A la naissance, le cortex visuel est très immature et la plupart des synapses doivent encore se former.
La non-utilisation de ses synapses provoque des changements dans la structure
et dans le fonctionnement des voies
optiques.
1er temps : Dans l'une de ces expériences, des chatons étaient placés dans un environnement constitué de rayures orientées dans une seule direction (verticale, par exemple) quelques heures par jour, ceci depuis l'âge de 1 semaine jusqu'à l'âge de 6 semaines.
Durant les périodes d'exposition à l'environnement visuel contrôlé, les chatons étaient munis de collerettes les empêchant de voir leur propre corps. En dehors de ces périodes, les animaux étaient maintenus dans l'obscurité, en compagnie de leur mère et du reste de la portée.
2ème temps : à l'issue de la période de privation, ces chatons ont été replacés dans un environnement visuel normal.
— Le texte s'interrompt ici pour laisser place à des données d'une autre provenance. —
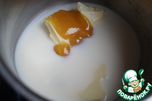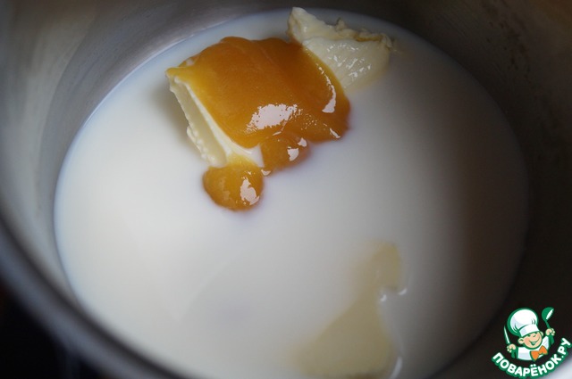 В сотейник вылить молоко, добавить мед и сливочное масло.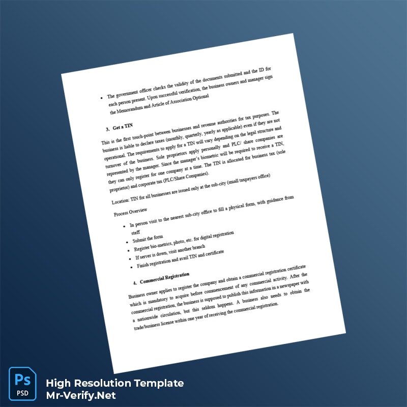 Streamline Your Business Registration Process with the Ethiopia Business Registration Certificate Word and PDF Template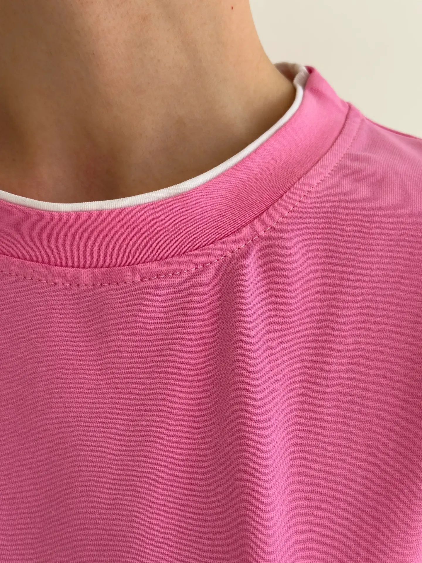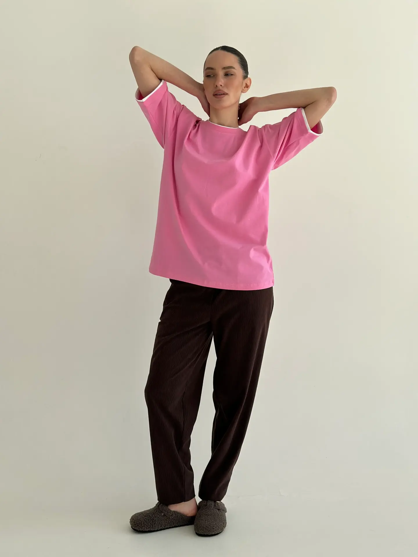 Футболка з білим кантом виглядає свіжо й акуратно. Контрастна окантовка додає образу легкого акценту та робить її цікавішою. М’яка і зручна у носінні, добре підходить для щоденних образів.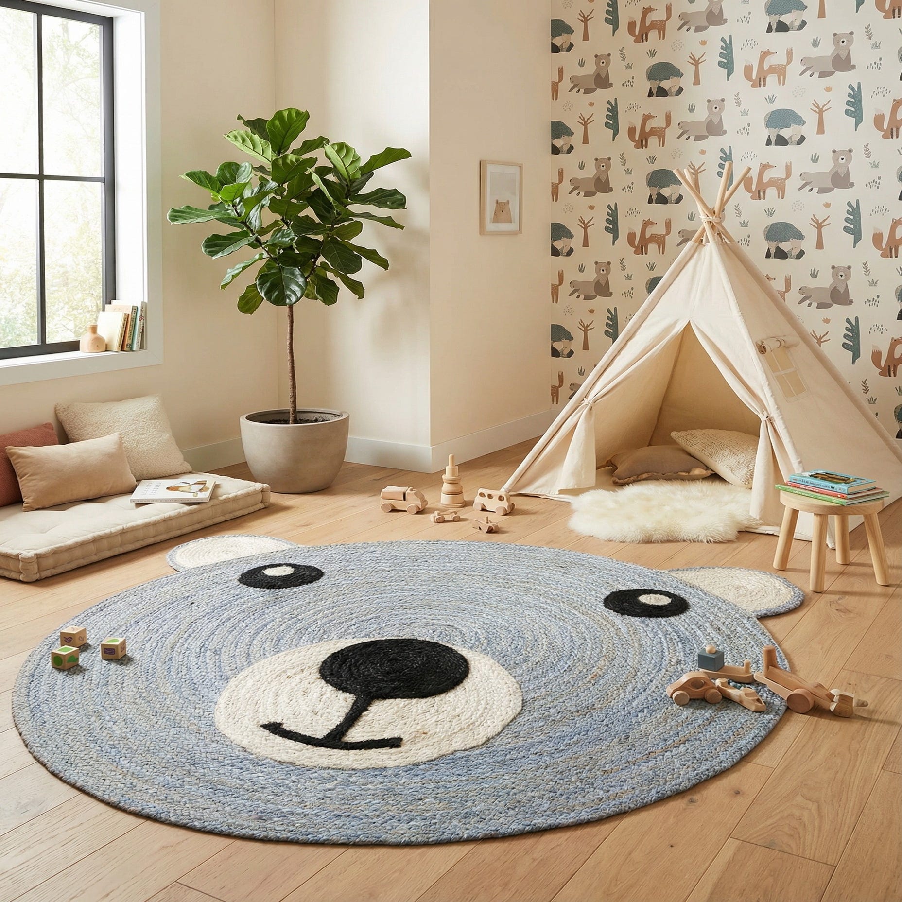 7' 10 x 7' 10 Hand Braided Kids Braided Jute Round Rug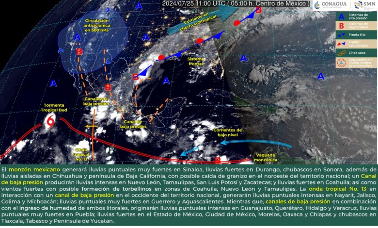 La onda tropical No. 13 frente a las costas de Jalisco y Colima, en interacción con un canal de baja presión en el occidente del territorio nacional, generarán lluvias puntuales intensas en Nayarit, Jalisco, Colima y Michoacán; lluvias puntuales muy fuertes en Guerrero y Aguascalientes.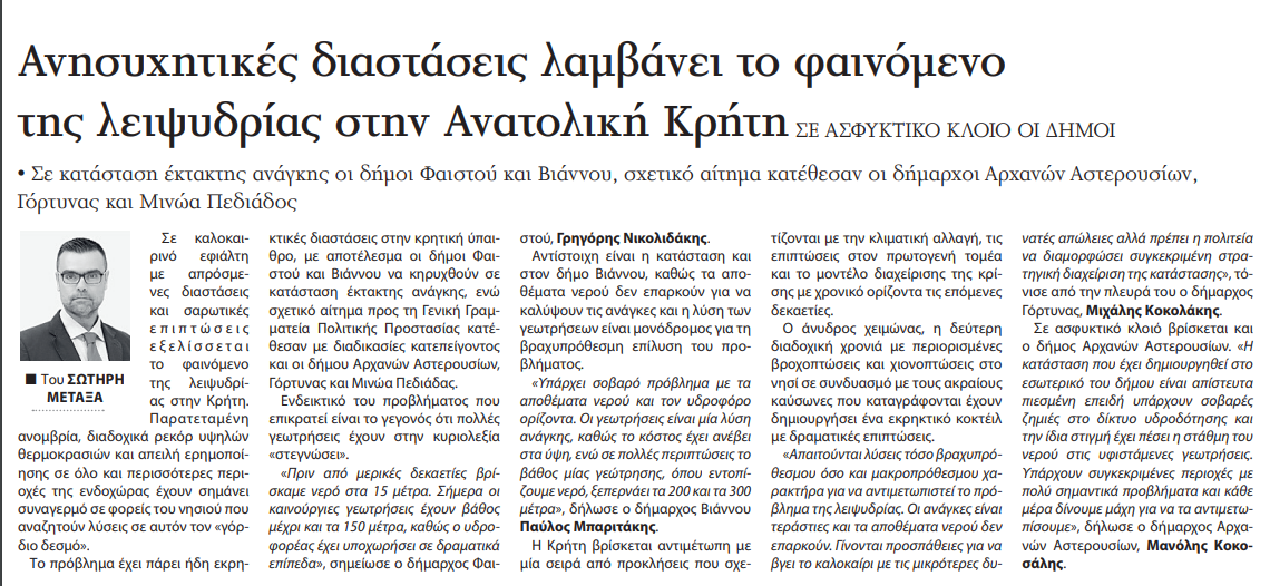 “Απαιτούνται λύσεις τόσο βραχυπρόθεσμου όσο και μακροπρόθεσμου χαρακτήρα για να αντιμετωπιστεί το πρόβλημα της λειψυδρίας. Οι ανάγκες είναι τεράστιες και τα αποθέματα νερού δεν επαρκούν. Γίνονται προσπάθειες για να βγει το καλοκαίρι με τις μικρότερες δυνατές απώλειες αλλά πρέπει η πολιτεία να διαμορφώσει συγκεκριμένη στρατηγική διαχείρισης της κατάστασης“, τόνισε από την πλευρά του ο δήμαρχος Γόρτυνας Μιχάλης Κοκολάκης.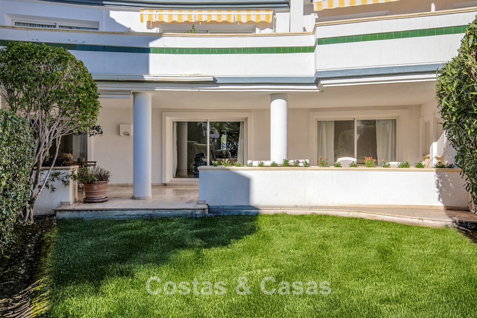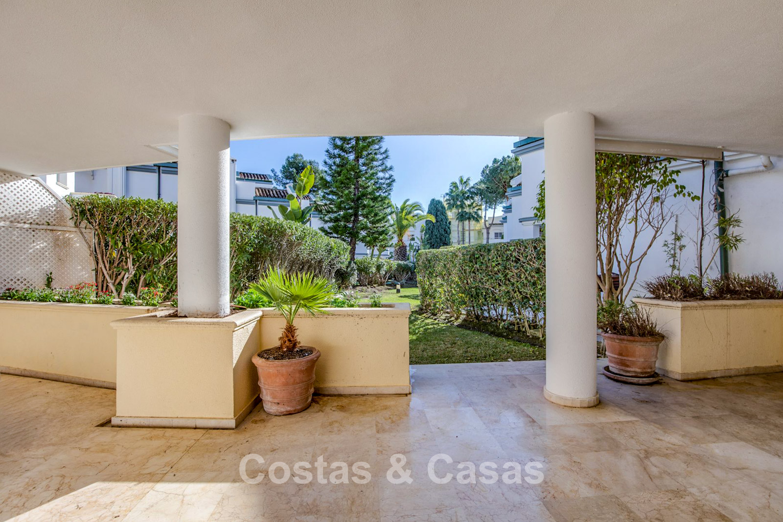Amplio apartamento en planta baja ubicado en un popular complejo frente al mar. La vivienda ofrece excelentes posibilidades de modernización, permitiendo adaptarla a los estándares actuales de diseño y confort y aumentar considerablemente su valor. Orientación sur. Luminoso salón con zona de TV y comedor integrado. El interior se abre de forma fluida a una amplia terraza y a un jardín de uso privado, creando una conexión natural entre los espacios interiores y exteriores. Cocina independiente totalmente equipada con ventana abierta al salón. 3 dormitorios, 3 baños completos y un aseo de cortesía.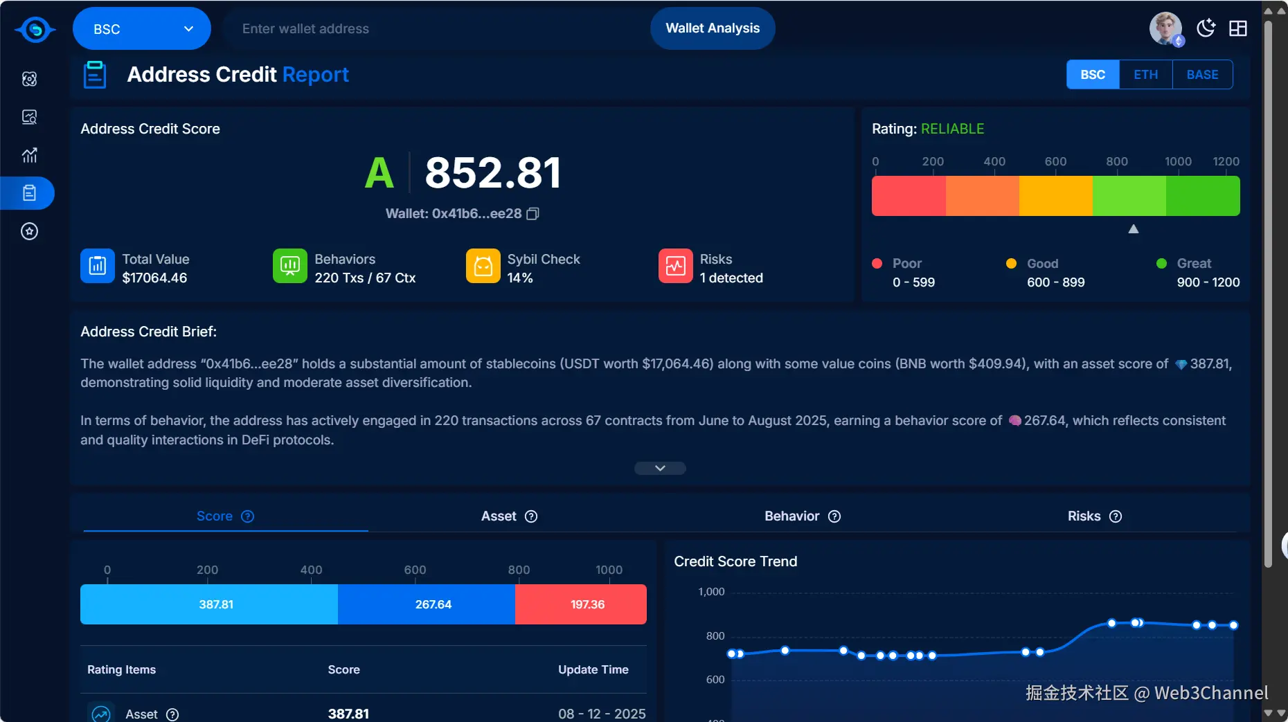 据悉,其链上信用分析 DApp 已正式上线,面向全球用户开放试用,为行业提供了一种兼顾深度分析、批量处理与智能洞察的新方案。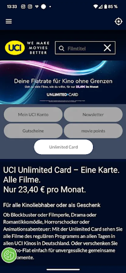 Book your favorite seats online: Conveniently select seats and book cinema tickets for all UCI cinemas directly. All current film trailers, film content, schedules, news and events. Manage my UCI account, unlimited card, movie points and much more. Simply cancel your tickets if you don't go to the cinema.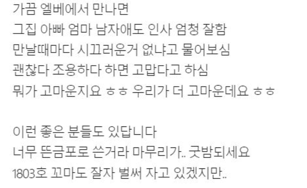 바로 윗집에 엄청난 개념 엄마 때문에 층간 소음이 제로입니다.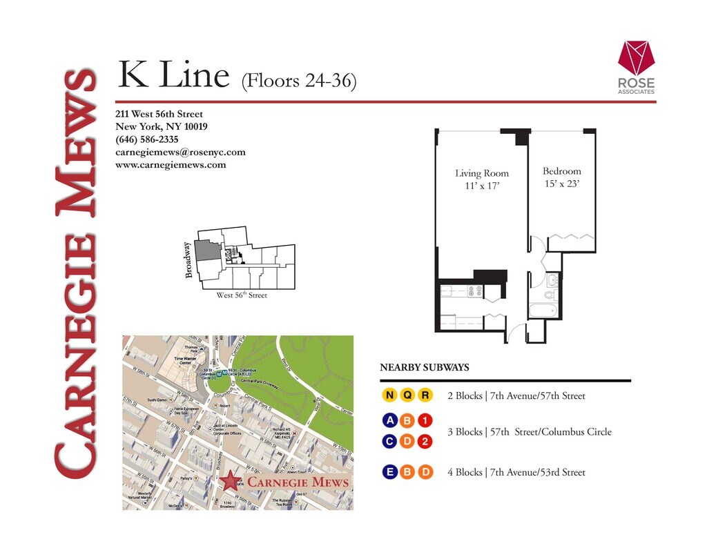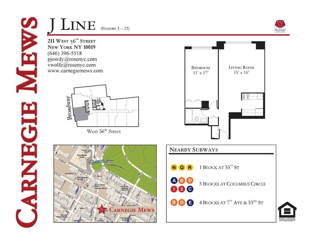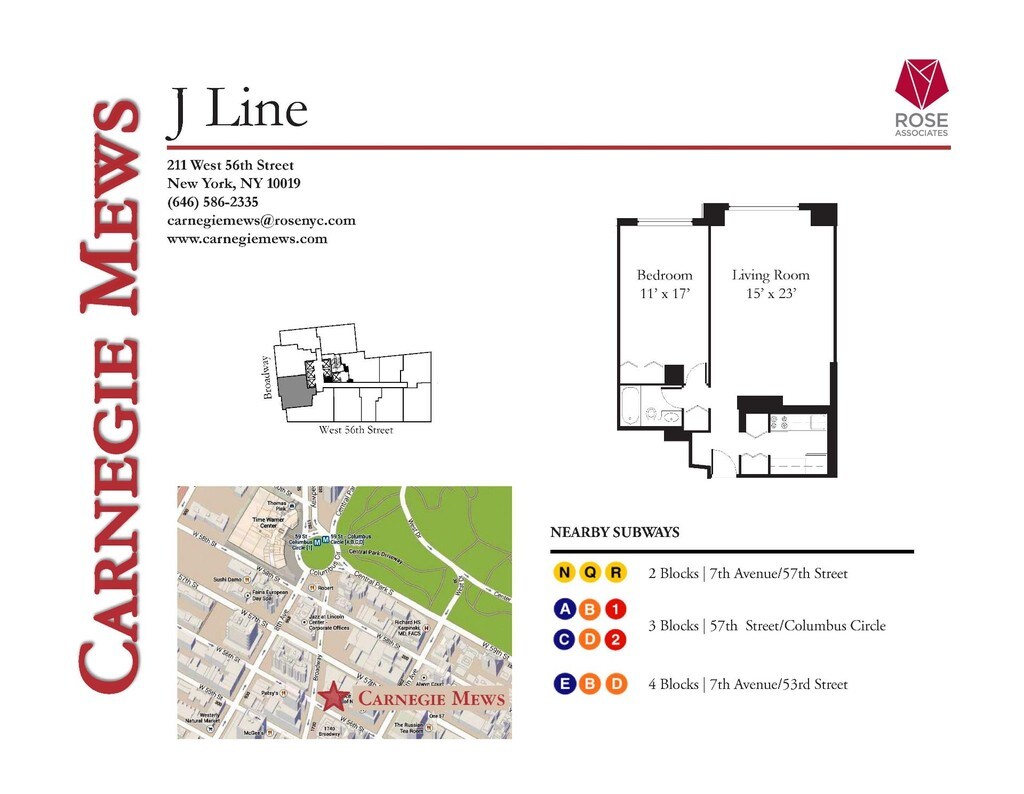 Ubicado en 211 West 56th Street, Carnegie Mews se encuentra en el centro del principal vecindario de Nueva York para el entretenimiento y las artes, a sólo pasos de Carnegie Hall, Lincoln Center, el distrito de teatros y Central Park. La torre de 36 pisos está compuesta por 396 unidades en configuraciones tipo estudio y de un dormitorio con amplias salas de estar, ventanas amplias y cocinas bellamente decoradas con electrodomésticos completos. El edificio cuenta con servicio de conserjería las 24 horas, servicios de tintorería, lavandería y garaje. Las calificaciones incluyen: 40X el alquiler mensual en ingresos anuales 80 veces el alquiler mensual para garantes (solo triestado) Sin paredes flexibles Sin mascotas, excepción para animales de servicio

Sur le plan comportemental, ces chatons montraient de grandes difficultés
à détecter des objets allongés dans la direction horizontale
ou se déplaçant dans cette direction.
Des enregistrements électrophysiologiques ont été réalisés dans le cortex visuel primaire de ces chatons, et en particulier dans la couche IV.
Un neurone A répondra par exemple de façon
maximale à la présentation d'une barre lumineuse orientée
dans la direction verticale. Il répondra moins à une barre
inclinée de 10° par rapport à la verticale, et ne répondra
plus du tout à une barre inclinée à 15°.
Chez un individu placé dans un environnement normal, des populations de neurones se spécialisent par apprentissage, pendant une période donnée, dans la détection d'une direction particulière : l'animal peut donc toutes les percevoir.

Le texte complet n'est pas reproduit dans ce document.